Kirby beat 28 other girls for the title of Miss Manawatu 2007, including her older sister, Charlotte Kirby. The crowning ceremony was held on 7 July 2007, at the Regent Theatre on Broadway, Palmerston North. She was crowned by Miss Manawatu 2006, Rachel Crofts.

===Miss Earth New Zealand 2007===

Kirby represented the Manawatu district at Miss Earth New Zealand 2007 where she was crowned the winner on 2 September 2007. First runner up went to Miss Manawatu 2006 winner, Rachel Crofts.

===Miss Earth 2007===

Kirby represented New Zealand at the seventh Miss Earth beauty pageant held on 11 November 2007 at the UP Theatre in Quezon City, Philippines. 88 delegates competed for the title, making it the largest Miss Earth since its creation. Kirby's environmental platform was natural burial. 28 delegates, including Kirby, were selected for a publicity tour of Vietnam and pre-coronation show televised live from VinPearl Land, Nha Trang, Vietnam.
Kirby's roommate, Jessica Trisko of Canada was eventually crowned Miss Earth 2007.

===Miss Manawatu 2008===

Kirby crowned her regional successor, Samantha Elvy from Wellington, as Miss Manawatu 2008 at the Regent Theatre on Broadway, Palmerston North, on 11 July 2008.

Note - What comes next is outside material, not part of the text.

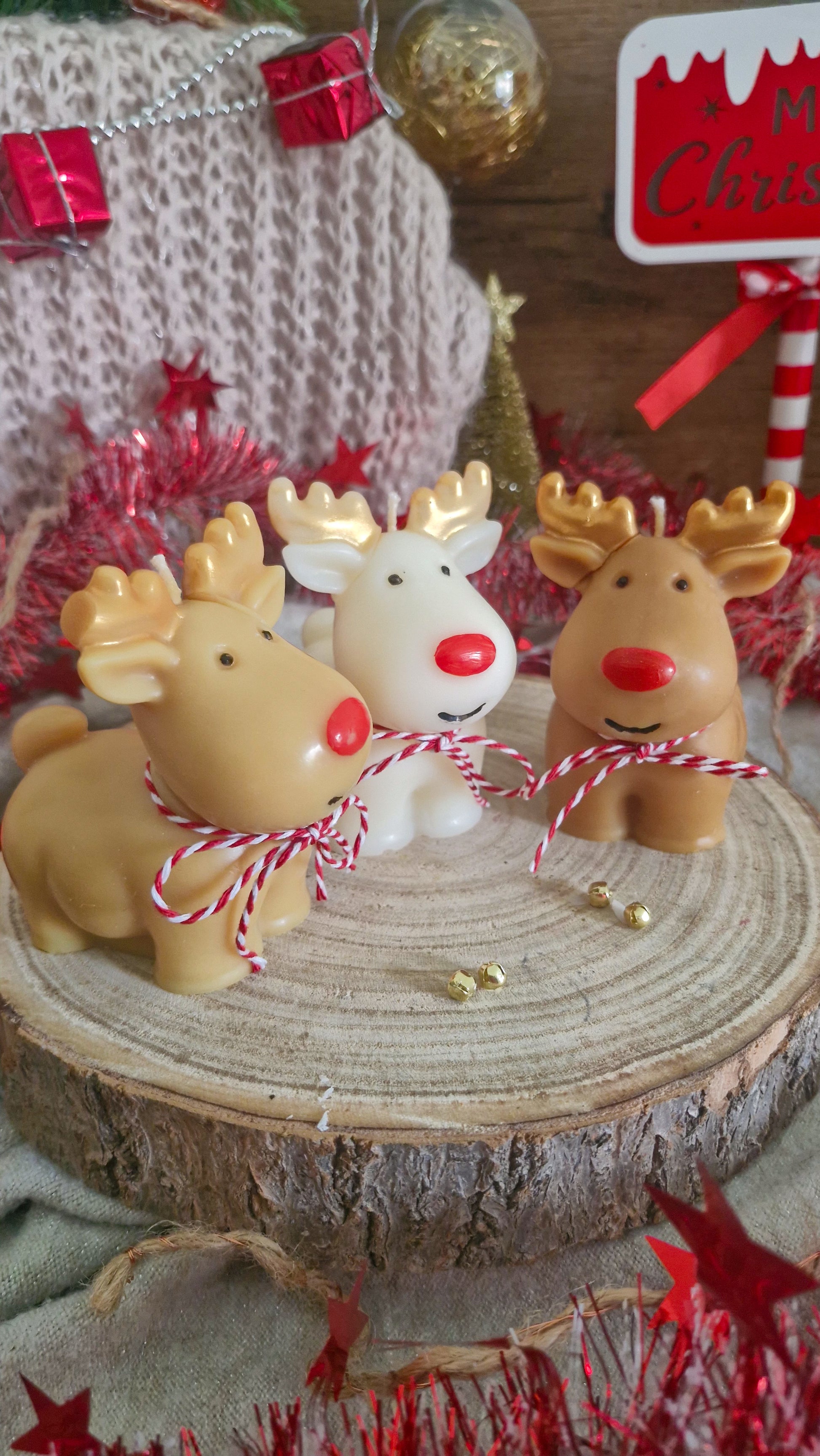 Apportez une touche festive et gourmande à votre intérieur avec les Rennes, des bougies moulées et peintes à la main.

===Miss Earth New Zealand 2008===

Kirby crowned her successor, Rachel Crofts (Miss Manawatu 2006 and Miss Earth New Zealand 2007 first runner up), as Miss Earth New Zealand 2008 on 23 August 2008 at Centrestage Theatre, Orewa.

===Miss New Zealand Festival of Beauty 2011===

Miss New Zealand Festival of Beauty 2011 was held on 30 April 2011 in the Tasman Ballroom at Alexandra Park, Greenlane. Kirby's scores put her in second place, however she was unable to be awarded the second place title of Miss Earth New Zealand 2011 due to having competed at Miss Earth 2007. She was awarded the third place title of Miss New Zealand International 2011.

===Miss International 2011===

Kirby represented New Zealand at Miss International 2011 in Chengdu, China. The preliminary events and coronation night were televised live on CDTV. Scores released after the event announced her final placing as 22nd from 69 delegates.